## Assigned task
Copy nothing but the line with "Вологий корм Brit" and the lines that follow it to the end of the entries below, and keep the pictures out.

Source information Block Start

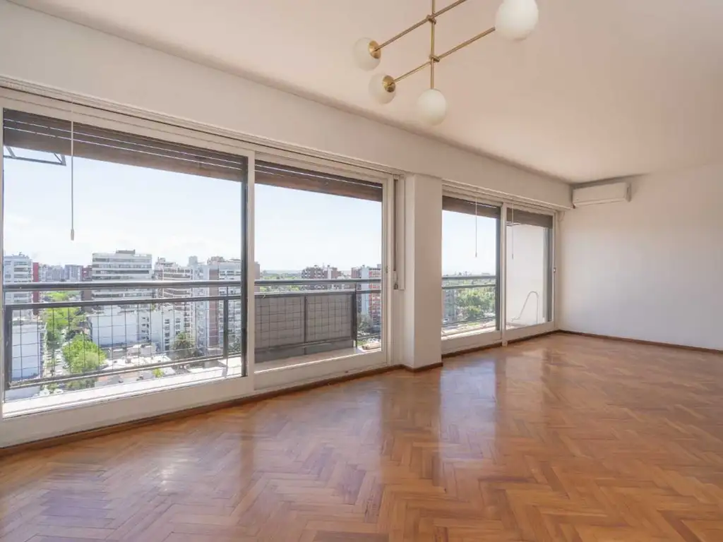 El departamento presenta una distribución funcional con living comedor apaisado, amplios ventanales y balcón corrido que permite disfrutar de una vista panorámica excepcional. Cuenta con tres dormitorios de buenas dimensiones, equipados con aires acondicionados individuales y placards. Dos baños completos, cocina comedor integrada y lavadero amplio completan la distribución interior.
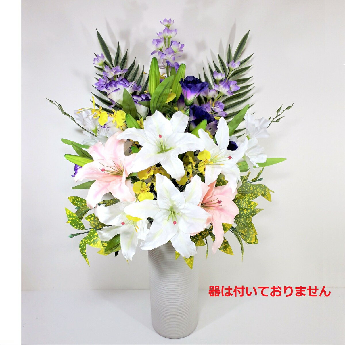 商品情報サイズ高さ:約42cm(全長)、幅:約18cm、奥行き:約16cm入り数1対(2束)主な用途キーワードお墓参り お悔やみ 供養 ペット供養 四十九日 百カ日 お盆 初盆 お正月 年末年始 お彼岸 秋 春 法要 法事 祭壇用 帰省 月命日 命日 供花 お供え花 周忌 墓花 仏花 お墓 墓 新盆 花束 ブーケ モダン 高級 デザイン おしゃれ 手入れ不要 アーティフィシャルフラワー シルクフラワー 等【優しい雰囲気が好きな方におすすめ!】ふんわりと優しい雰囲気、質感の淡い色の大きな菊をメイン花材としたお供え花です。 造花ですので、仏壇、祭壇など室内でも飾っていただけます。 リアルな見た目と触り心地で、本物の花のような美しさです。 ボリューム感があり、優雅な雰囲気を演出し空間を華やかに彩るとともに、落ち着いた色合いがお墓の雰囲気に調和します。 季節を問わず、お手入れ・水替え不要、猛暑の夏場でも枯れることなく、美しさを長く保ってくれます。お墓参りに頻繁に行くことが困難な方や暑い時期や長期不在時にお勧めです。 MEMORIES PREMIUM:花びらの質感だけでなく、茎や葉もまるで生花のようなリアルで精巧な最高級の造花を使用したシリーズ。 【サイズ】 高さ:約42cm(全長)、幅:約18cm、奥行き:約16cm 花立ての大きさに合わせて、広がり・高さをご自由にご調整いただけます。 一般的に多い12cm前後の花立てに合うようカットしていますが、ワイヤーの長さを曲げて調整していただくことも可能です(ワイヤーの切れるペンチなどでカットしていただくことも可能です)。 【入り数】 2束(1 対) ■いつまでもつの? 屋外における耐久テストで3ヶ月以上もつ造花を採用しています。 「次に行くまでの間」「3ヶ月、半年に1度変える」などぜひお試しください。 生花も飾りたい場合、生花をお供えするタイミングで造花は自宅で一時的に保管し、また生花処理後に再び造花をお供えすることもお勧めいたします。 【ご購入に際して】※花器は商品に含まれません。 ※石などを重りとして花立ての中に入れると、お供え花が安定し、風にも飛ばされません。なかなか石を見つけられない方々向けに石のオプション販売も行っています。 ※基本的に手入れは不要です。汚れが気になる場合は、お取り替えください。生花と異なり長くご利用頂けますが、気温、日当たり、雨風等使用環境によって差は生じ、状態の永年維持を保証するものではありません。定期的な交換をお勧めしております。 ※商品写真はできる限り現品を再現するよう心がけておりますが、ご使用のモニターにより、若干差異が生じる場合がございます。あらかじめご了承ください。 ※仕入れ状況等により花材が異なる場合がありますが、デザインが大きく異なることはありません。※当店では在庫を複数サイトで共有しているため、同時にご注文があった場合は売り切れとなる可能性がございます。 【配送に関するご注意】 当店ではスムーズなお届けのため、下記内容についてあらかじめご了承いただきますようお願いいたします。 - 当日出荷について 「当日出荷」の表記がある商品は、楽天市場上では【15時までのご注文】と記載されていますが、当店契約倉庫の運営上、【13時(午後1時)までのご注文】のみ当日出荷が可能です。ご了承ください。 - 指定日配送について 13時以降のご注文で翌日着をご指定いただいた場合、システム上エラー扱いとなり、出荷までに数日お時間をいただく場合がございます。 - 指定日なしの場合 ご指定日がないご注文も、システムの都合により出荷まで数日かかる場合がございます。 -その他 楽天最強配送対象商品であっても、お届け地域によって最短お届け日が翌日ではないことがあります。実際の最短お届け日はお届け先をご指定の上、ご確認ください。 対象商品の在庫状況等によって、出荷倉庫や商品をお届けする配送会社が異なる場合があります。ご了承ください。 お正月やお盆期間中は、交通事情や配送会社の配送状況等により通常よりお届けにお時間がかかる場合がございます。お届け日時をご指定頂いても、ご希望日時に配送できない可能性がございます。ご了承ください。誠に恐れ入りますが、日程に余裕を持ってご注文、お届け日時指定頂けますようお願い致します。 お客様にはご不便をおかけいたしますが、何卒ご理解賜りますようお願い申し上げます。 【領収書をご希望のお客様】 購入履歴詳細から領収書を発行頂けます。 【購入履歴】→【注文詳細】→【領収書・請求書】→「発行する」をクリック 領収書の発行方法詳細は以下URLをご参照ください。 https://ichiba.faq.rakuten.net/detail/000006734 9 7,200円 税込 送料別 カードOK レビュー2件 高級造花専門店 Salon d’or ![]() | ||
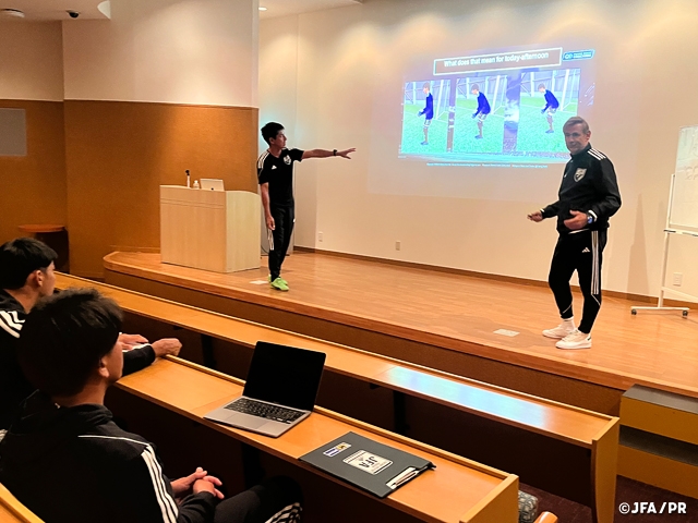 1日目の夕食後の夜のミーティングセッションでは、JFAGPプロジェクトのアドバイザーであるフランス・フック氏から、「How to reach the top Level」のレクチャーが行われました。選手たちは世界のトップレベルを知るフランス・フック氏の言葉に懸命に耳を傾け、世界のトップレベルに到達するために何が必要なのかを知る貴重な機会となりました。2日目の夜のミーティングセッションでは、映像分析スタッフによって編集された自身のトレーニング映像を用いた個人ビデオフィードバックのミーティングも行われ、選手たちはピッチ内外でGPとして成長するための濃密な時間を過ごしました。
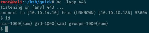connect to [10.10.14.10] from (UNKNOWN) [10.10.10.186] 58348
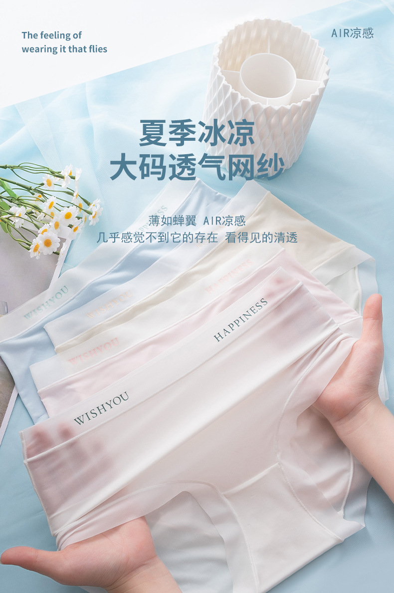 Ligero como un ala de cigarra ~ Ropa interior de cintura media y alta de gran tamaño para mujer grasa mm200 kg sin costuras seda de hielo máscara fina de dibujos animados ultrafina
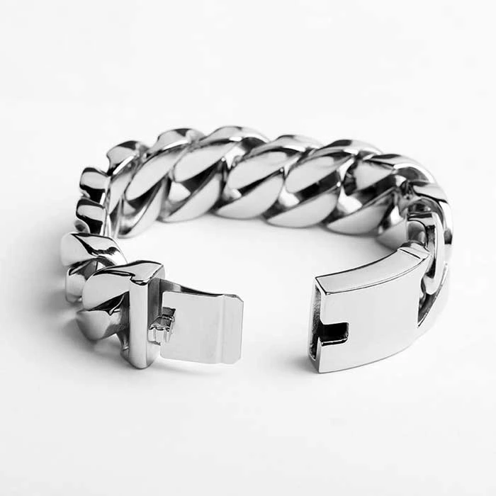 Náramek z chirurgické oceli pro opravdové chlapi. Masivní náramek náramek na ruku s leštěným povrchem. Zapínání náramku je na masivní klip. Pánský ocelový náramek široký 22mm. Délka náramku 21cm, hmotnost náramku 175g.
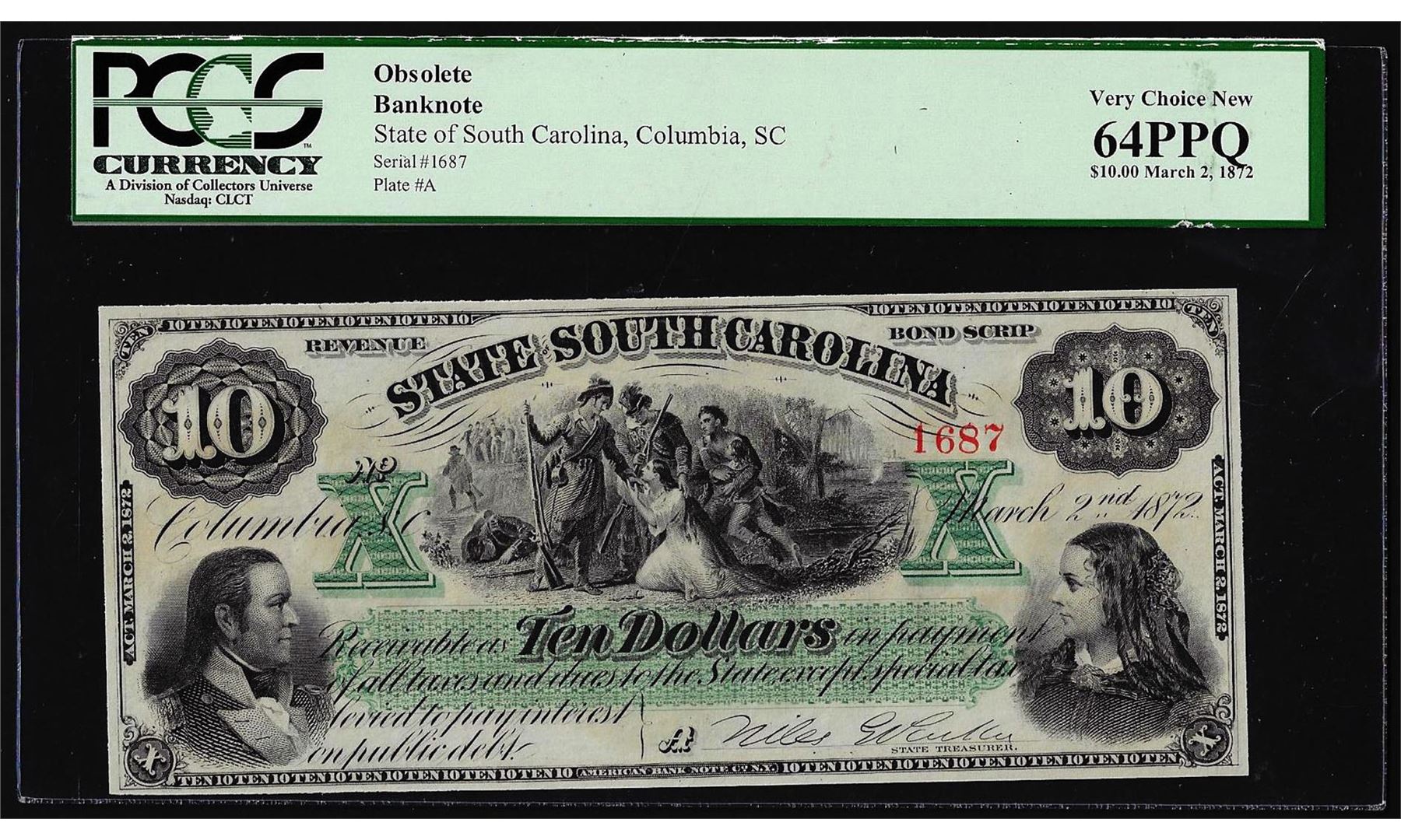One 1872 $10 State of South Carolina Obsolete Note PCGS Very Choice New 64PPQ. PCGS Graded.
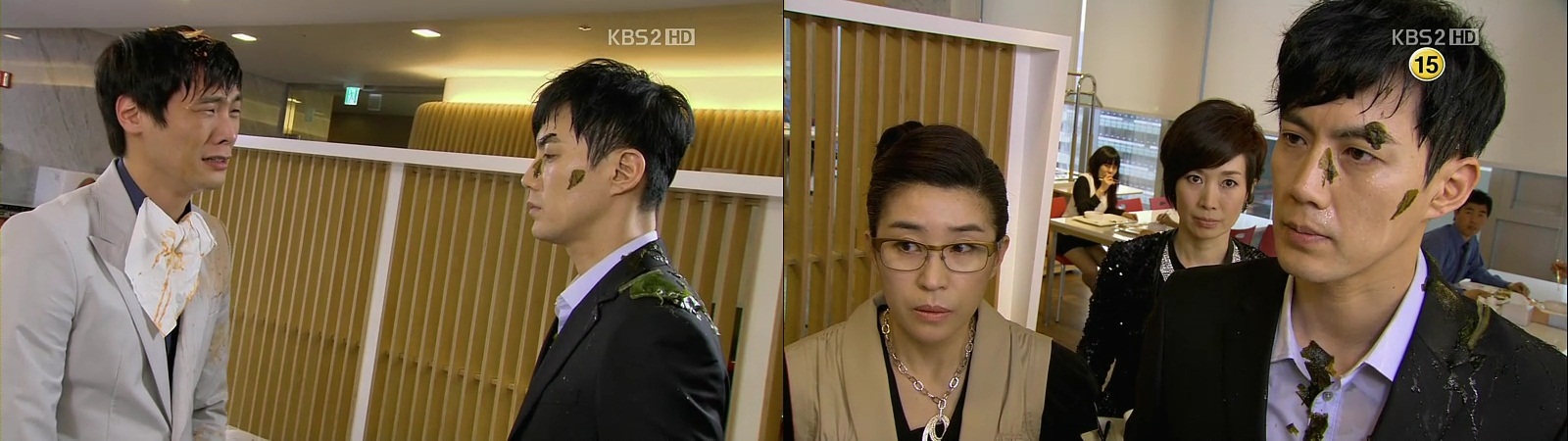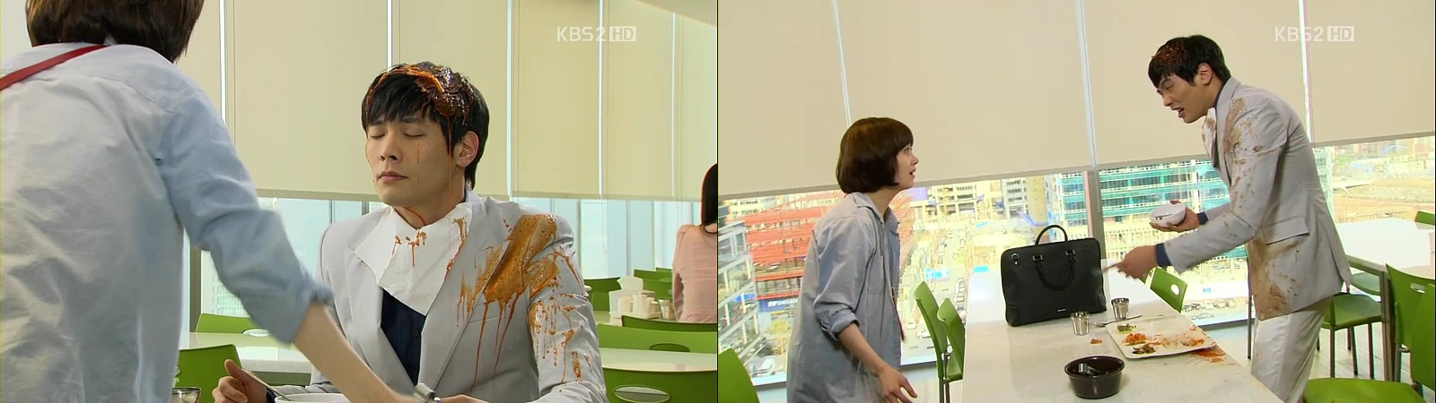She pours the kimchi onto his head and it stains his newly bought suit. His temper is now have been pushed to the limit and he throws the seaweed soup to her, except that he misses her.
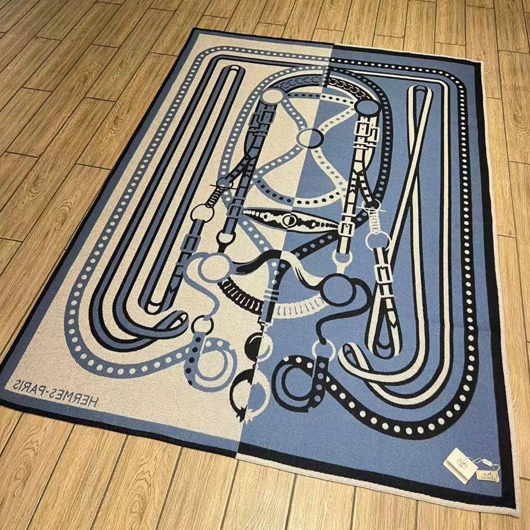 HM Avalon Throw Blanket Ecru Indigo Wool Cashmere
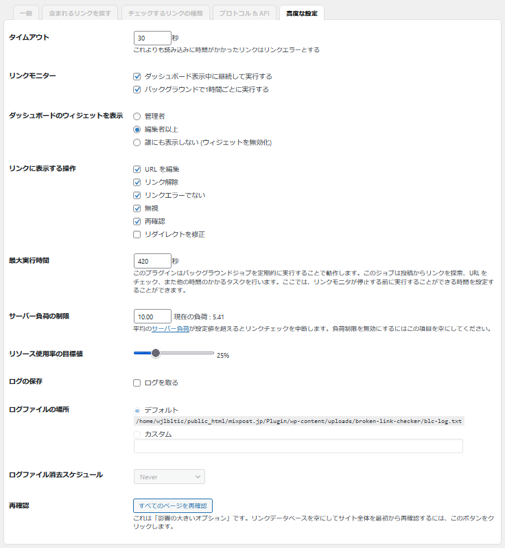 高度な設定では、プラグインの動作やシステムに関する設定が変更できデフォルトから設定の変更は不要となります。Webサイト全体に対しリンク切れのチェックを手動で開始する場合は「再確認:すべてのページを再確認」を選択しましょう。
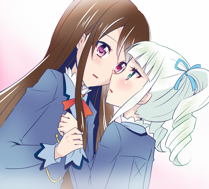 10s 2girls aikatsu! aikatsu!_(series) arm_grab bad_id bad_pixiv_id blonde_hair blush brown_hair drill_hair eye_contact female_focus hair_ribbon holding_another's_wrist imminent_kiss long_hair looking_at_another multiple_girls open_mouth purple_eyes ribbon school_uniform shibuki_ran todo_yurika twin_drills yuri yuu_(derodero)
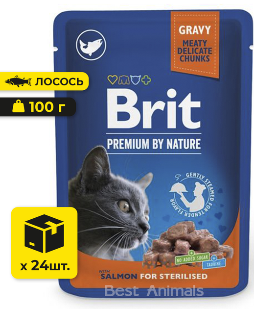 Вологий корм Brit Premium Sterilised для стерилізованих кішок з лососем (шматочки у соусі) 100 г х 24 шт
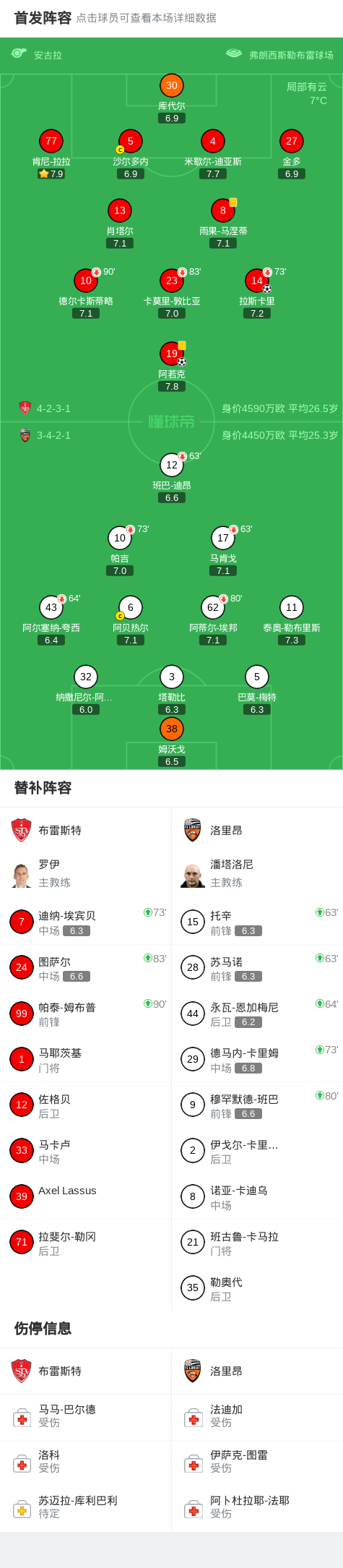 第50分钟,布雷斯特球员拉斯卡里打入一球。
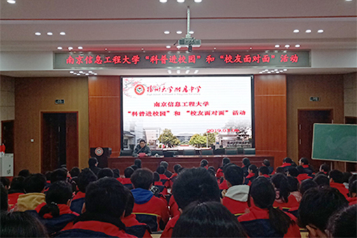3月6日上午,数统院“校友面对面”活动在扬州大学附属中学举行。扬州大学附属中学副校长李岚,数统院党委书记周祥龙、团委书记王文婧、空间天气教师武业文和14级应用数学专业学生冯冒桐以及扬州大学附属中学高一6班、12班和14班的全体学生参加了本次活动。活动由扬州大学附属中学学工处主任赵红兵主持。
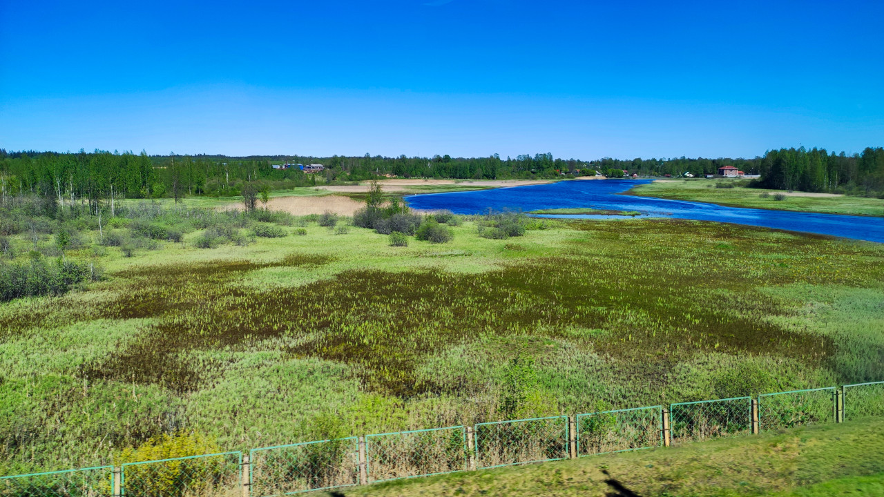 река водоём прибрежная зона заболоченная местность водный пейзаж лесной массив берёзы кустарники травяной покров береговая линия речная экосистема природная среда экология весенний сезон сельская местностьПохожие фотографии
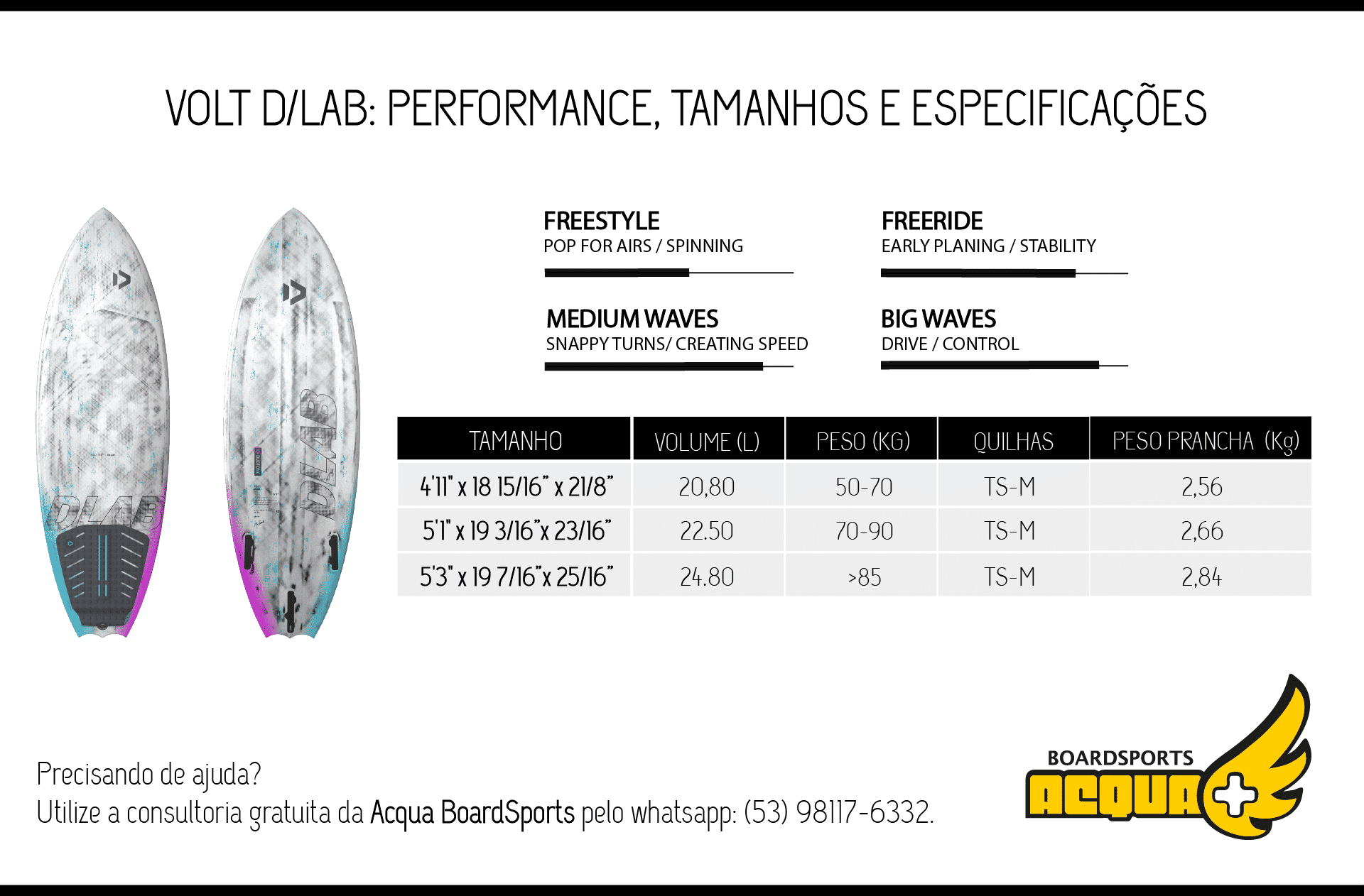 ✅ Se você ainda tem dúvidas se a Volt D/LAB 2026 é a prancha certa para você, utilize nossa consultoria gratuita pelo WhatsApp: (53) 98117-6332

Source information Block End

## Solution
 Вологий корм Brit Premium Sterilised для стерилізованих кішок з лососем (шматочки у соусі) 100 г х 24 шт
 第50分钟,布雷斯特球员拉斯卡里打入一球。
3月6日上午,数统院“校友面对面”活动在扬州大学附属中学举行。扬州大学附属中学副校长李岚,数统院党委书记周祥龙、团委书记王文婧、空间天气教师武业文和14级应用数学专业学生冯冒桐以及扬州大学附属中学高一6班、12班和14班的全体学生参加了本次活动。活动由扬州大学附属中学学工处主任赵红兵主持。
 река водоём прибрежная зона заболоченная местность водный пейзаж лесной массив берёзы кустарники травяной покров береговая линия речная экосистема природная среда экология весенний сезон сельская местностьПохожие фотографии
 ✅ Se você ainda tem dúvidas se a Volt D/LAB 2026 é a prancha certa para você, utilize nossa consultoria gratuita pelo WhatsApp: (53) 98117-6332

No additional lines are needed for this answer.